但一个会拿亲生虫崽撒气、作为筹码的雄虫能算什么好虫,怪不得大哥宁愿长期在外征战。

怀里的诺厄因为雄父濒临崩溃的情绪,再次害怕得发起抖来。

“砰”的一声,身后的门被大力推开。进来的是一位约摸十八岁的少年,怒气冲冲地,诺厄一见是他,立刻从雪因怀中挣脱,一把朝少年冲去,少年把他搂在怀里,这时崽子才放声哭起来:“哥哥……哥哥……”

——是克罗夫特。

雪因微微颔首,算是和他打招呼,克罗夫特勉强对雪因挤出一个歉意的笑容。

身后的侍从一拥而上,利落地制住了塞西尔。

“雄父,得罪了。祖父请您立刻回去,别在殿下面前失了体面。”克罗夫特看着塞西尔开口。

“放开我!”塞西尔奋力挣扎,被侍虫死死拉住。他朝着克罗夫特怒吼,眼睛红了一圈,身体颤抖着,恨意毫不掩饰地射向克罗夫特,“都怪你!都怪你!要是没有你,我雄父就会看到我,梅洛斯哥哥也会看到我!看到我的诺厄!”

“现在我哥哥死了,你们就都不要我了!迫不及待让我娶雌君、把我赶出去。我不要!为什么不能像以前一样?克罗夫特!为什么不能像以前一样,就我们一家……”

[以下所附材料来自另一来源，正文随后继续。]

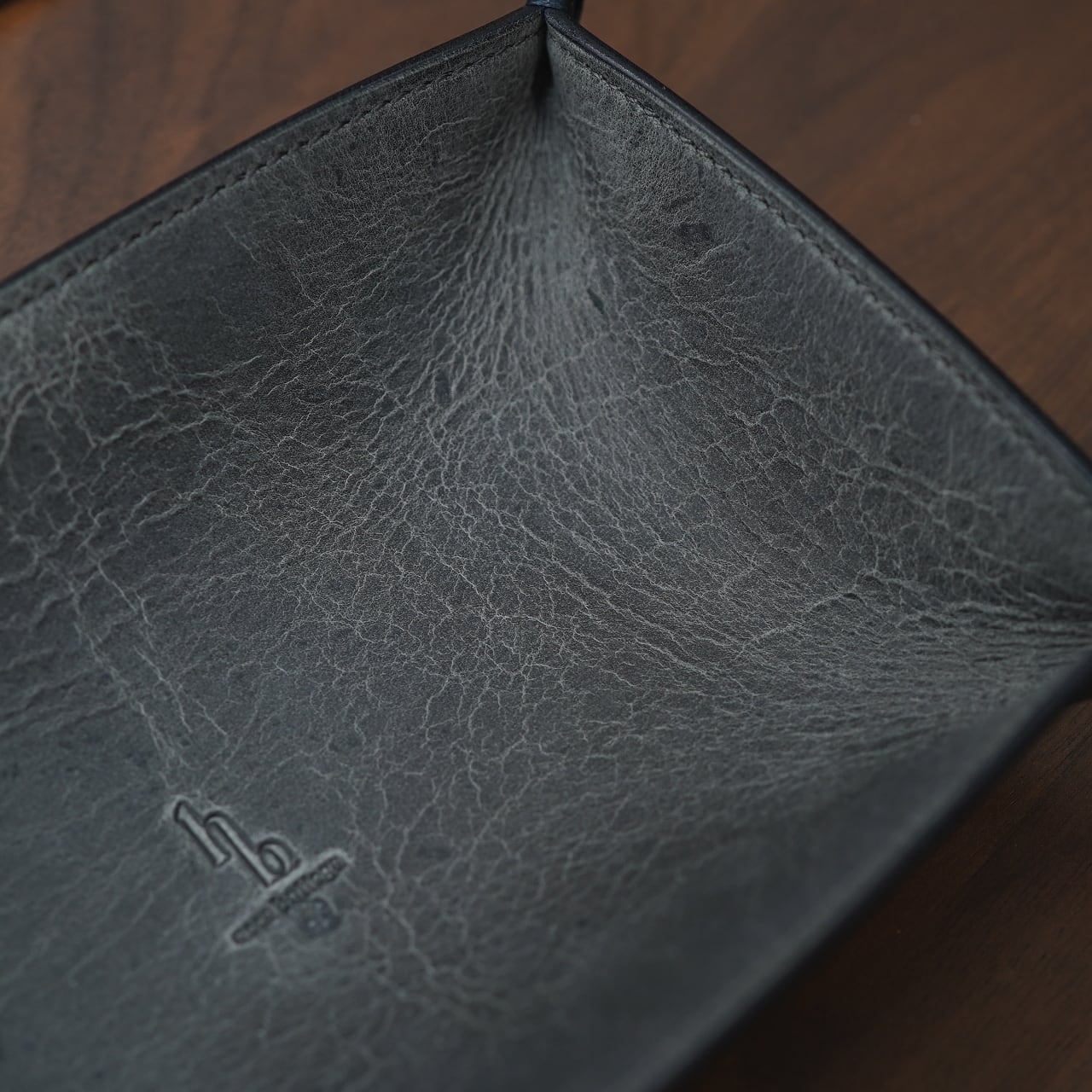 トレーの収納部分となるおもて面には、イギリスはステッド社のクーズーを贅沢に用いており、小傷や様々な表情がワイルドに感じられる独特な風合い。エイジングも豊かで、使い続けていくことで徐々に光沢感に包まれ、色合いも深く育っていく革。

他胸口剧烈起伏着,眼泪倒是忍了回去,要掉不掉含在眼眶的样子,声音从怒吼变为破碎着乞求,“我…和你、和我哥哥和梅洛斯哥哥…一直只有我们,我只是想一直这样生活下去。让雪因命令他回来啊!!!我就要这样!我…”

没等他继续说,克罗夫特雄祖父派出的侍虫自然有权利控制住他,毫不怜惜地捂住了他的嘴,向雪因行礼告退。

“唔!松开!呜呜呜——”塞西尔被拦腰架起,几个虫死死压着他,双腿在空中无力地蹬踹,却依旧被毫不留情地拖离了现场,徒留一地狼藉。

雪因沉默地看着这一切。

克罗夫特在他对面坐下,先行了一个礼,才疲惫地叹了口气,将面前的茶水一饮而尽。

“怎么回事?”雪因开口询问。他对塞西尔的家事并不感兴趣,但牵扯到虐待雄虫崽…

“抱歉,惊扰到殿下了。”克罗夫特揉了揉眉心,有几分疲惫,“我会和雌父商议,以后让诺厄长居克斯安蒂星,不再让塞西尔雄父接触他。”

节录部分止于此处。